Non pas qu'il soit guéri. «On a cessé les traitements parce que les effets secondaires étaient trop sévères. J'ai eu peur de le perdre, a raconté sa mère Sophie, les yeux remplis de larmes. On avait de la misère à le réveiller. Une nuit, on avait beau le brasser et le frotter, il ne se réveillait pas. Alors, on a cessé les traitements en espérant que ceux qu'il a reçus jusqu'ici soient suffisants.»

François adore le hockey. « On voulait l'inscrire à des cours, mais à cause de la maladie, on a mis ça sur la glace, justement, a dit sa mère. Probablement l'hiver prochain.»

Parce qu'il y aura un hiver prochain pour François. Beaucoup d'autres hivers. Peut-être même une carrière dans les ligues majeures. C'est en tout cas le genre d'espoir que les joueurs du Canadien aimeraient instiller dans le coeur des enfants malades.

Comme au Centre Bell

«Pour eux, c'est le plus grand moment de leur vie, a dit Carey Price. Quand on vient ici, ils sont véritablement heureux de nous voir. Ils sont très excités. Pour nous, c'est très gratifiant.»

«Excités» est un euphémisme. Les enfants attendaient les joueurs depuis des semaines. En cardiologie, les petits patients avaient bricolé une grande murale bleu, blanc et rouge et une banderole: «Ici en cardiologie, on a le CH tatoué sur le coeur». Quand les joueurs sont arrivés, tous scandaient «Go Habs go!» L'ambiance était aussi survoltée qu'au Centre Bell.
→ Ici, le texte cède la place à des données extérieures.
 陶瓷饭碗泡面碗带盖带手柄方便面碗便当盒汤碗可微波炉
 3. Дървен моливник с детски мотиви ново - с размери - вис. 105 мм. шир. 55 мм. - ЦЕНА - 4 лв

De jeunes infirmières enthousiastes se hissaient sur la pointe des pieds pour mieux voir les beaux joueurs en chair et en os. Des parents se faisaient prendre en photo avec Youppi!. Même les médecins réclamaient des autographes.

Les joueurs répondaient de bonne grâce aux demandes, mais ils étaient là d'abord et avant tout pour les enfants. Comme Anthony Poirier, 8 ans, leucémique. Pour la visite, le garçon avait revêtu un chandail du Canadien. Tout comme son père, Éric, et... son chien, Mambo. Accepté à l'hôpital à titre exceptionnel pour cette occasion exceptionnelle.
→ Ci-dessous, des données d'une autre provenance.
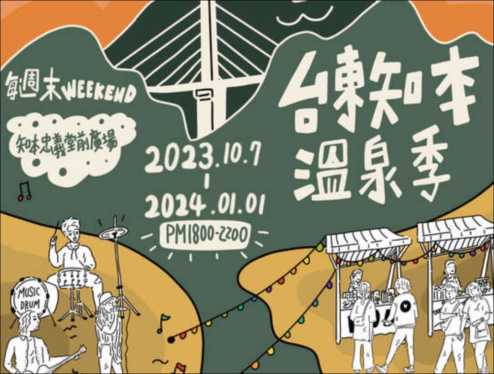 台東知本溫泉季會場就在以忠義堂廣場的周邊,包含舞台區、暖市集,還有主題燈飾區,每週邀請的台東在地歌手會公佈在台東知本溫泉季粉絲團。的另外幾家與AGODA配合的知本溫泉飯店旅館也都在附近,一直熱鬧到2024元旦。

Les joueurs ont envahi la chambre d'Anthony. Ils lui ont donné des cadeaux. Des cartes autographiées. Ils ont pris des photos, échangé des sourires. Le garçon était ravi. «Avec toute l'énergie que les joueurs viennent de lui donner, il va passer à travers sa prochaine chimiothérapie à 100 milles à l'heure!» s'est exclamé Éric Poirier, presque aussi excité que son fils.

Maxim Lapierre passait d'une chambre à l'autre avec autant d'agilité que sur la patinoire. Il se penchait pour parler aux enfants et leur raconter des blagues. Il était visiblement très à l'aise. «J'essaie de rester moi-même, d'être un peu clown, d'être de bonne humeur. C'est moi, ça. J'imagine que ça marche avec les enfants et les jeunes dames.»
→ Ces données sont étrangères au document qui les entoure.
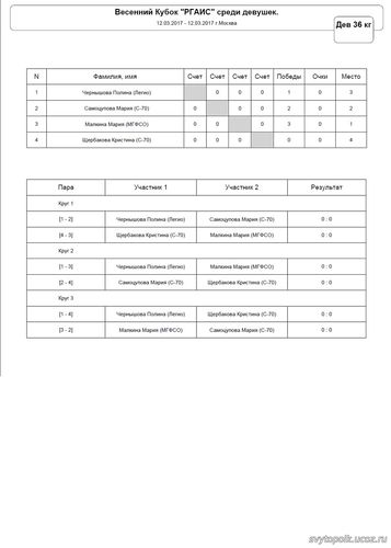 | 12.03.17  Весенний Кубок "РГАИС" |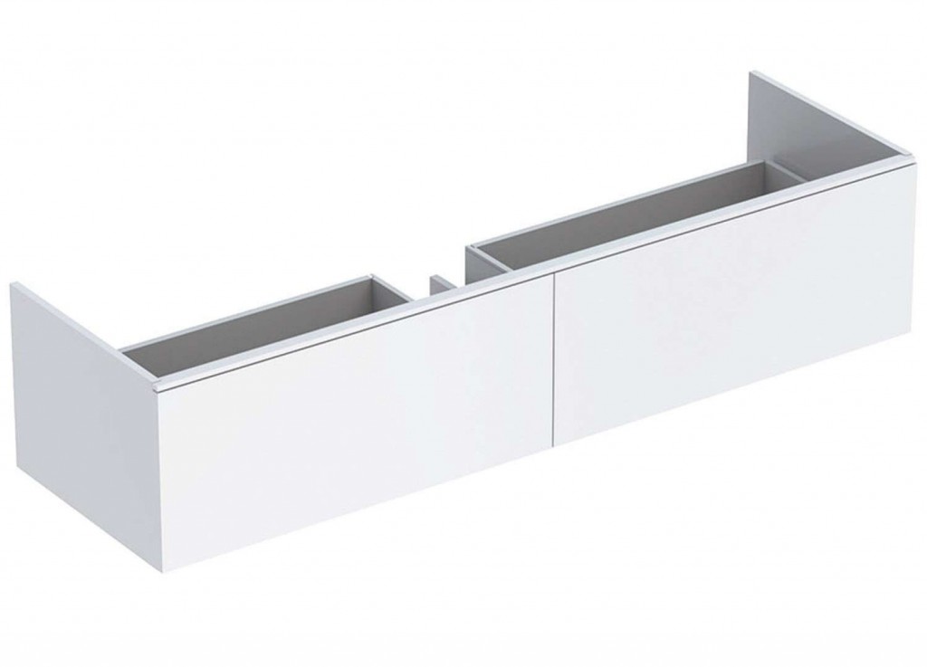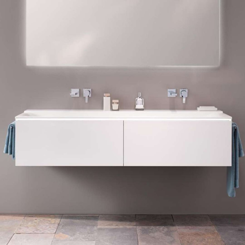 Závesná skrinka pod umývadlo z minerálneho kompozitu Varicor s dvomi zásuvkami a LED svietidlom

Mais les joueurs peuvent bien être grands et forts, ils ne sortent jamais complètement indemnes de cette expérience. «C'est une belle journée, mais quand on remonte dans l'autobus, on voit que tout le monde pense pas mal, a raconté Lapierre. Quand on revient à la maison, c'est plus difficile. On se met à penser à la valeur de la vie et ça nous fait réaliser à quel point on est chanceux.»

Le propriétaire du Canadien, Geoff Molson, a aussi pris conscience de sa chance d'avoir quatre enfants en bonne santé. Et de l'importance de cette visite pour les jeunes patients. «Les joueurs sont des héros dans cette province. Ils viennent ici pour une journée pour faire sourire des enfants malades.»

Dans une ville folle de hockey, Benoît Pouliot est habitué de faire tourner les têtes. Mais ce fameux sourire qui illuminait le visage des enfants dès qu'il passait la porte de leur chambre l'a touché droit au coeur. «Ils nous voient à la télé, mais ils n'ont pas la chance de venir nous voir au Centre Bell. Aujourd'hui, c'est leur chance. Ça les rend heureux, et nous aussi.»